She charmed me at first, I have to admit. But I couldn't stomach the pettiness of the lies. Her enemy Charan Singh
468
summed her up when he said: ‘Mrs Gandhi is incapable of telling the truth even by mistake.'
I did have some extremely funny times. Not the least was our visit to the Durga Temple in Benares, where a monkey with mastitis tried to rip off her sari. When I told the Rajmata of Gwalior that she had dipped herself in the Ganges, she said: ‘Sacrilege!'
Now Benares is a place I wouldn't mind holing up in. Where else do the Ancient World and Twentieth Century Decadence meet in such harmony? The only trouble was a temperature of 42 degrees centigrade, with the result that I came back feeling a bit dessicated.
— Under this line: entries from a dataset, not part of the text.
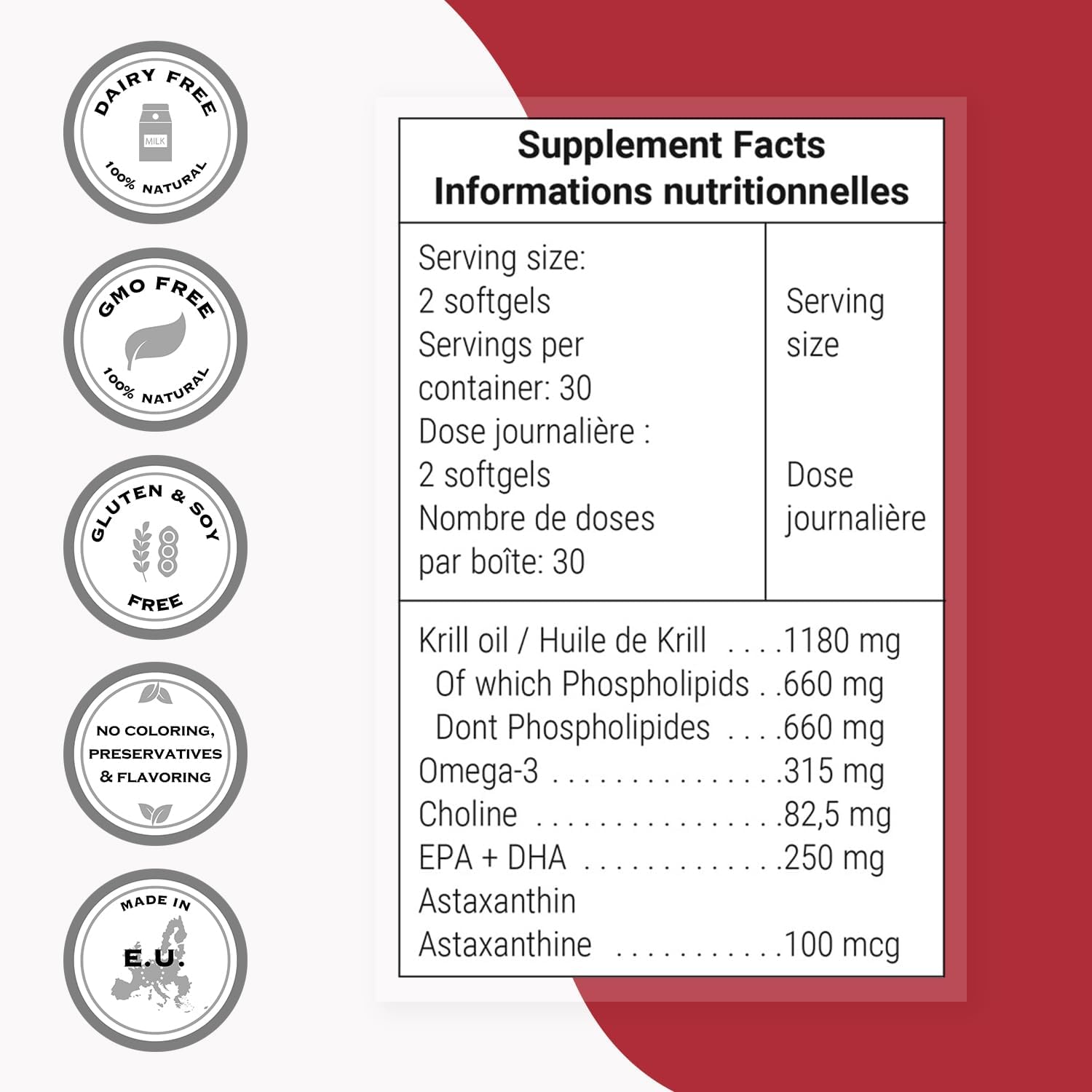 Recommended Use - Take 1 softgel twice a day, with lunch and/or dinner. Each Softgel contains 590mg Krill oil, Euphausia superba. Contains shellfish derivatives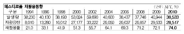 표, 그래프: < 폐스티로폼 재활용동향 > <화학저널 2011/06/01> |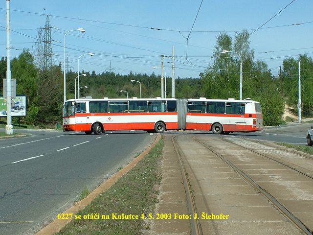 výjezdu z konečné Košutka. Vůz vykolejil zadním podvozkem na sjízdné vyhybce při jízdě z odbočky. V oblouku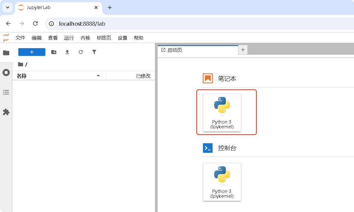 在启动页上点击“笔记本”下面的python图标创建一个标签页就可以开始敲代码了。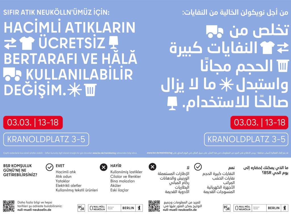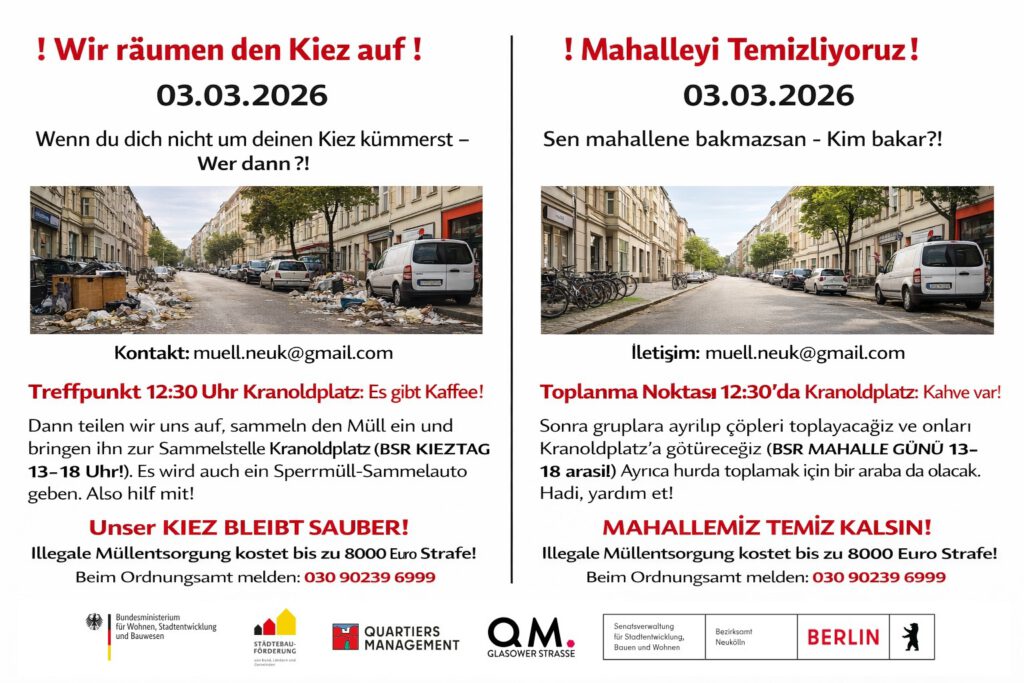 Wer einen Frühjahrsputz geplant hat, sollte sich den 3. März 2026 vormerken. Da findet auf dem Kranoldplatz wieder von 13 bis 18 Uhr der BSR-Kieztag statt. Man kann seinen Sperrmüll loswerden, aber auch Dinge vorbeibringen, die man selber nicht mehr braucht, andere aber schon. Was am Ende des Tages nicht mitgenommen wird, kann wieder in den Re-Use Kreislauf geführt werden, unter anderem in die NochMall, dem BSR Gebrauchtwarenkaufhaus.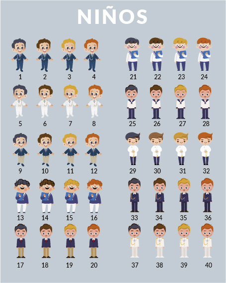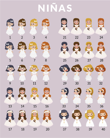 En muchos de nuestros modelos de invitación de comunión puedes añadir un personaje personalizándole con las características de tu hij@.  Sólo tienes que elegir el modelo de niño o niña que más se parezca a tu hij@, observando su color de pelo y ojos, y su vestuario y nosotros lo añadiremos a la invitación dándole el protagonismo que merece. En otros modelos sólo es posible personalizar la invitación con los datos de fecha, nombre, lugar…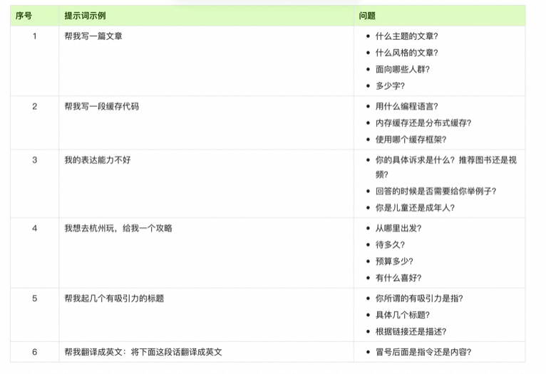 这样,模型可以自动检查用户是否遗漏关键信息,提醒用户进行补充,用户补充完整之后,模型再执行任务效果会更好。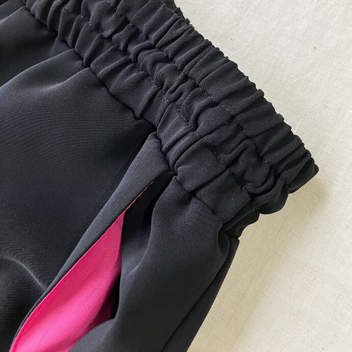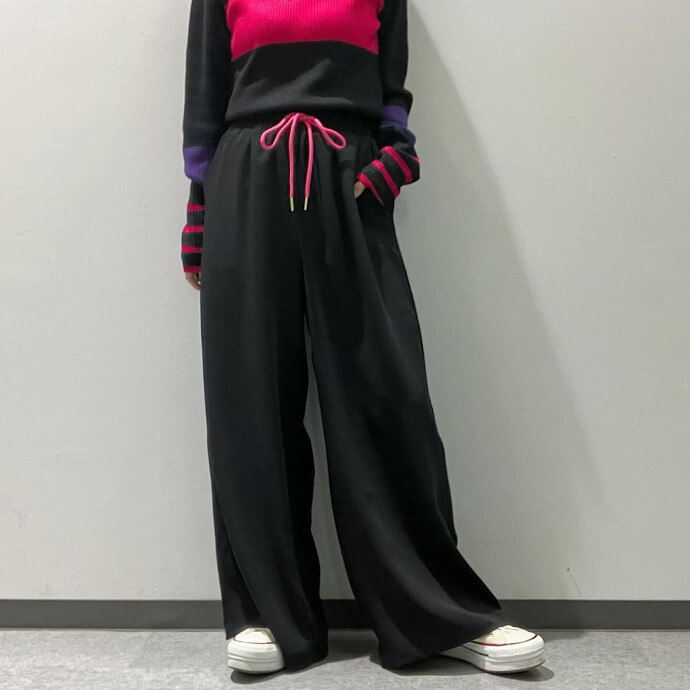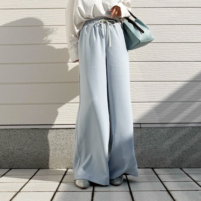 ほどよい落ち感ときれいなワイドラインが魅力のウエストギャザーパンツです。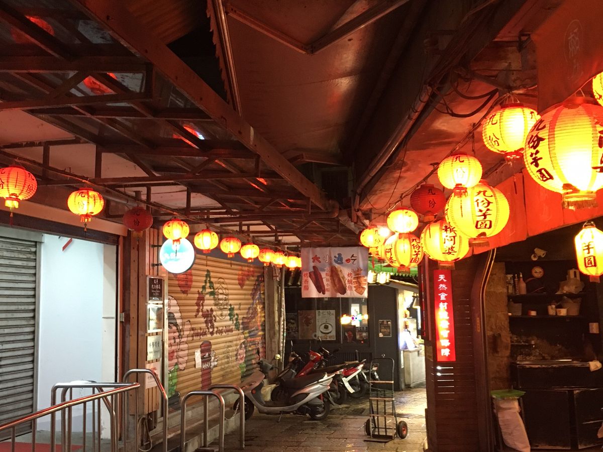 九份は既に暗くなってからの訪問でした。土日は交通規制がかかるため途中でバスの乗り換えが必要で、遅く行くと解除されてるとのことでした。お店が閉まっていて少し寂しかったですが、静まり返った薄明かりの街は雰囲気があって素敵でした。

Sorry for the quick note. We hope to be over shortly, love B
On Mr Dhavan's desk (her Assistant Private Secretary) I found a manual for ventriloquists called
Mimicry and Monoacting
.
To Monica Barnett
Draft letter, Holwell Farm | Wotton-under-Edge | Glos | 10 June 1978
 
Dear Monica,
Now it's my turn to apologise for the delay. Your letter reached here the morning I flew to India to interview Mrs Gandhi (and that's another story). The one to Deborah Rogers had got there three days earlier. I spent six weeks in India and since coming back have hardly had time to eat, let alone think.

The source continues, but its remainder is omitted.